Perhaps someday machines won't need us; but right now that’s not the case. Even with the cleanest dataset, you should still give your information an overlook with human eyes. This does not mean every line needs to be checked for quality (impossible when it comes to the increasing volume of data being processed), but random testing is still a must. Errors happen, issues remain between the translation of 'what you ask for' and 'what the computer thinks you asked for', and there’s little worse than committing significant dollars or customer trust on a project, only to discover there is a fundamental flaw with the information itself. Like the feature article that gets reviewed by the office editor before final print, or the software test that happens before and after upgrades, going over the information for quality control before using it is a must. I’ve spoken to clients on this before, but it was refreshing to be vindicated by the expert of Google Search.
The diversity of interests and multiple applications.
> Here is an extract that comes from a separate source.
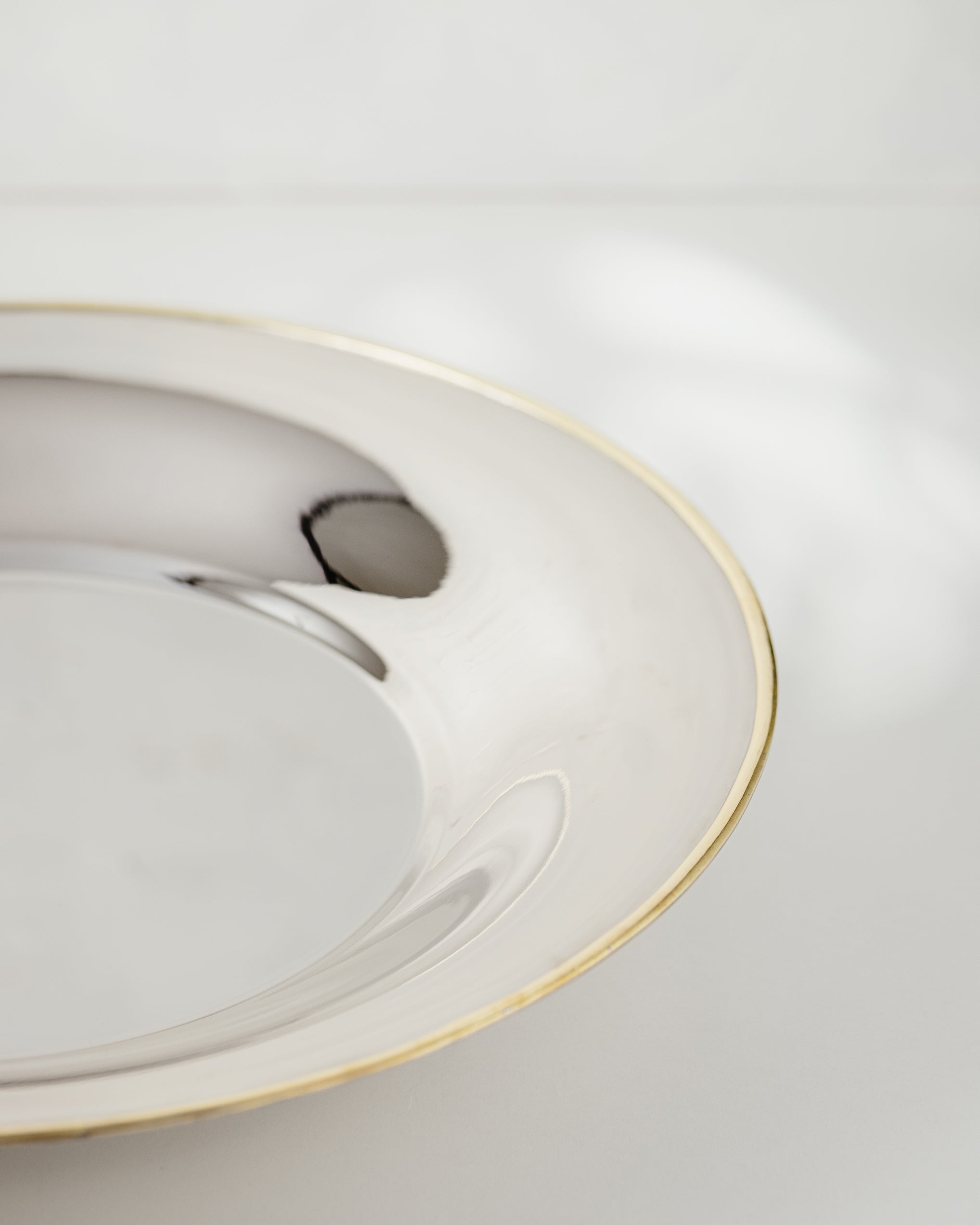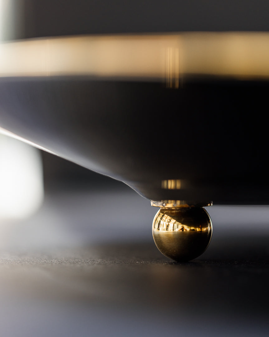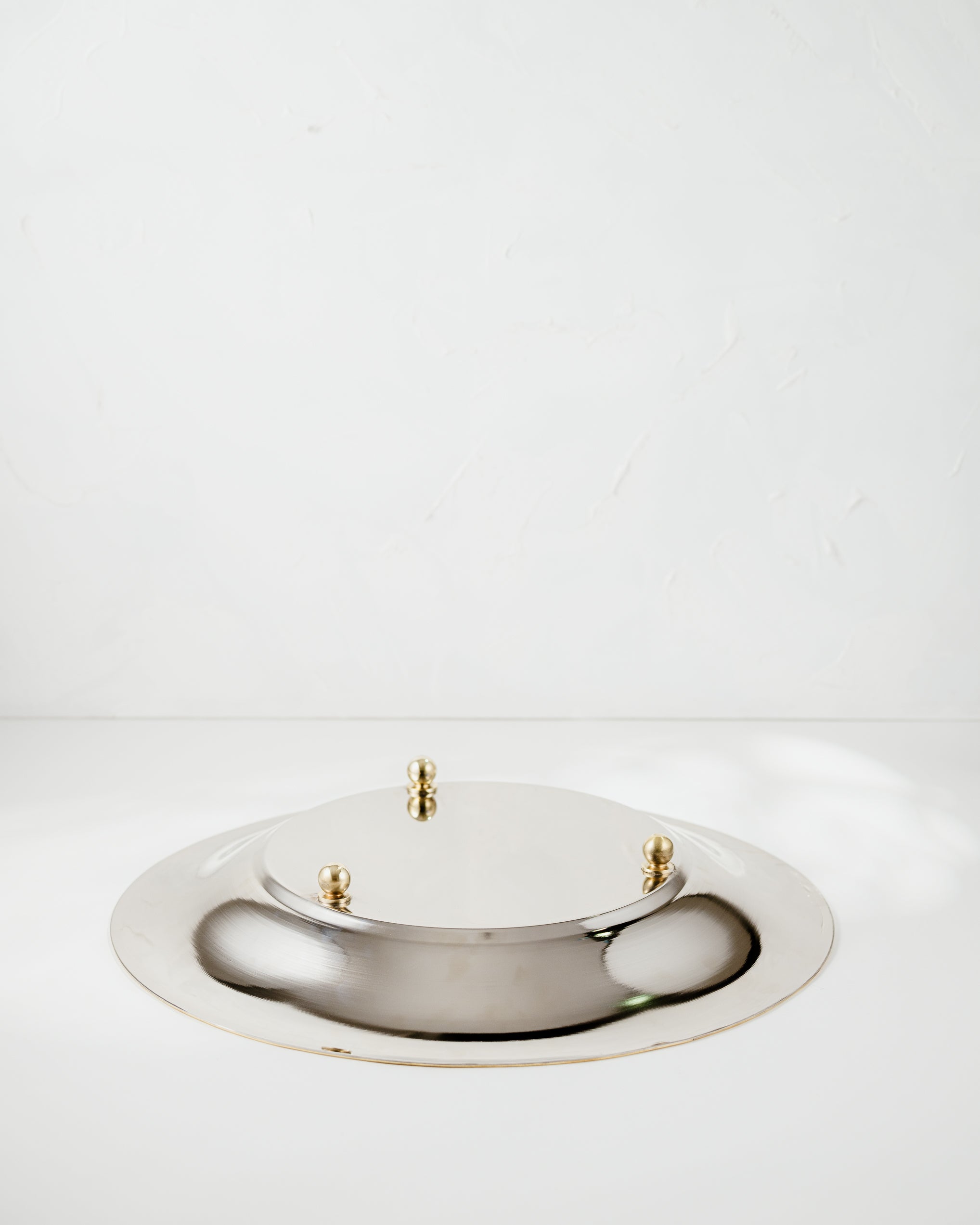 This stunning Stainless Steel Piece features gold brass ornaments, blending modern sophistication with classic luxury. The smooth, reflective surface of the stainless steel contrasts beautifully with the warm, rich tones of the brass details, creating a piece that is as functional as it is visually striking.

Heath. City planning. The Internet of things. Academia. Government. Big business. Aerospace. Even if your company doesn’t process big data as part of it’s operations, based on the works in progress and the plans for the future, big data will make an impact. How can it not? Big data is becoming part of nearly every industry at some level, and as the understanding and technology increase, so too do the applications. Wherever you are, whatever you do, big data will affect you: if you ever use a Google Search or flight with an airline, it already has.
Better understandings of Visual Data
I'm a proponent of visual data already, mostly because we has humans process visual information instinctively; writing and reading are learned, but sight, smell, touch, hearing and taste are hard-wired into our biology for collecting and disseminating details. I love infographics, keep & share ones I enjoy all the time, and turn to them myself as teaching aides for different ways to communicate and have information ‘stick’. Visual data is aesthetically pleasing, often able to make an even larger impact with an intended audience. With the right layout and use it can even ascribe stronger impressions, such as empathy or anger, towards neutral statements or displays. What I was unaware of however, is that visual data not only allows better presentation of information, but it can also be a boon to the research itself: it can highlight where to look further, note quality issues that must be addressed, and make connections that might otherwise be missed. Of course we need to be careful of getting caught in believing there’s correlation, but that’s always been an issue we need to keep aware of.
All in all, the Congress was excellent: a sea of driven, passionate individuals, organizations, government departments and companies, all sharing knowledge to work out where they can harness increasingly growing data resources, and use them to benefit current projects and solve problems. For my part, I admit I’m not a Data Scientist: while I have an interest in analytics, my drive tends to veer less towards what information can tell us, and more towards how we as humans can best access, acquire, share and use the information we are increasingly bombarded with. Nevertheless, I’d be lying if I said I wasn’t excited by the research possibilities of those presently in the field. I earnestly look forward increasingly recognizing big data in action, and returning to memories of ground-breaking talks like those presented, to see how far things have come.